Artist in Focus: Robert Beavers
Robert Beavers (1949, Brookline, Massachusetts) is one of the most influential avant-garde filmmakers of the second half of the 20th century. Although born and raised in the United States, he has been living and making films in Europe since 1967. His 16mm films, at the same time lyrical and rigorous, sensuous and complex, are inhabited by the landscapes, the architecture and the cultural traditions of the Mediterranean and Alpine cities and countryside where they are filmed, and yet reveal deeper personal and aesthetic themes. As he acknowledges himself, he strives “for the projected film image to have the same force of awakening sight as any other great image.” He regards filming as part of a complex procedure, which begins in the eyes of the filmmaker and is shaped by his gestures in relation to the camera. Beavers’s attention to the physicality of the film medium is evident also in the editing, a fully manual process that leads to a unique form of phrasing. Harry Tomicek calls it a form of “cinematic breathing”: “an exchange of speech and silence, emergence and concealment. Robert Beavers might be the only filmmaker in the world whose works announce the mystery of this process.”

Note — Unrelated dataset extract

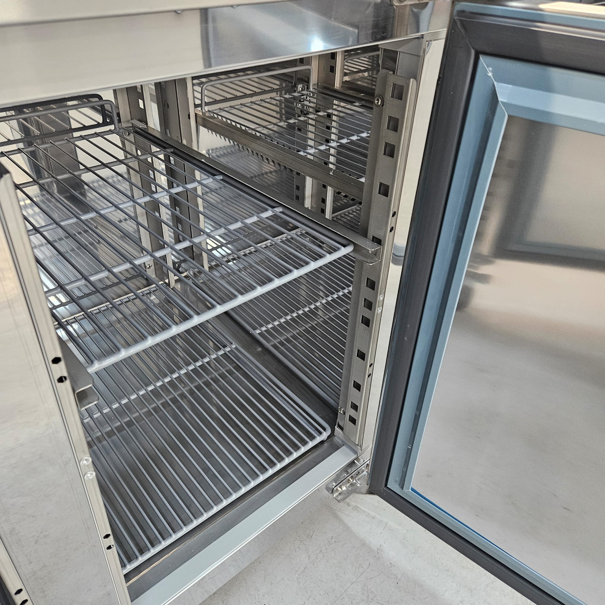 Sturdy adjustable shelves ensure there’s plenty of flexibility, so you can organise your food efficiently for rapid access. For further convenience, the freezer features handy self-closing doors (from 90°) and a solid commercial easy-clean design – perfect for saving time at the end of a busy shift.

Until the late 1990s his films were very rarely shown, but recent retrospectives at the Tate Modern London, the Whitney Museum in New York, Berkeley Art Museum & Pacific Film Archive in Berkeley and the Austrian Film Museum in Vienna have finally brought to his work the attention it deserves. Courtisane and Cinematek will join forces to present his oeuvre in Ghent and Brussels, a city Beavers has a strong attachment to but where his work hasn’t been screened in several decades. Brussels was not only the first European city where he settled together with his partner filmmaker Gregory Markopoulos (1928-1992) after leaving the United States but also where his film culture and cinephilia developed, thanks to Jacques Ledoux, the then curator of the Royal Belgian Film Archive. Ledoux also encouraged Beavers to continue making films, and is one of the protagonists of Plan of Brussels (1968). From his Early Monthly Segments to his most recent work The Suppliant (2010), this selective retrospective in Brussels and Ghent covers more than 40 years of work and represents for Beavers an occasion to return to the scene of his beginnings as a filmmaker, the Brussels Cinémathèque.
On the last day of the Courtisane festival, April 3, Robert Beavers will present a selection of films of his own as well as by other filmmakers in Ghent. The following week, four more screening programmes will follow in Cinematek, the film theatre of the Belgian Royal Film Archive.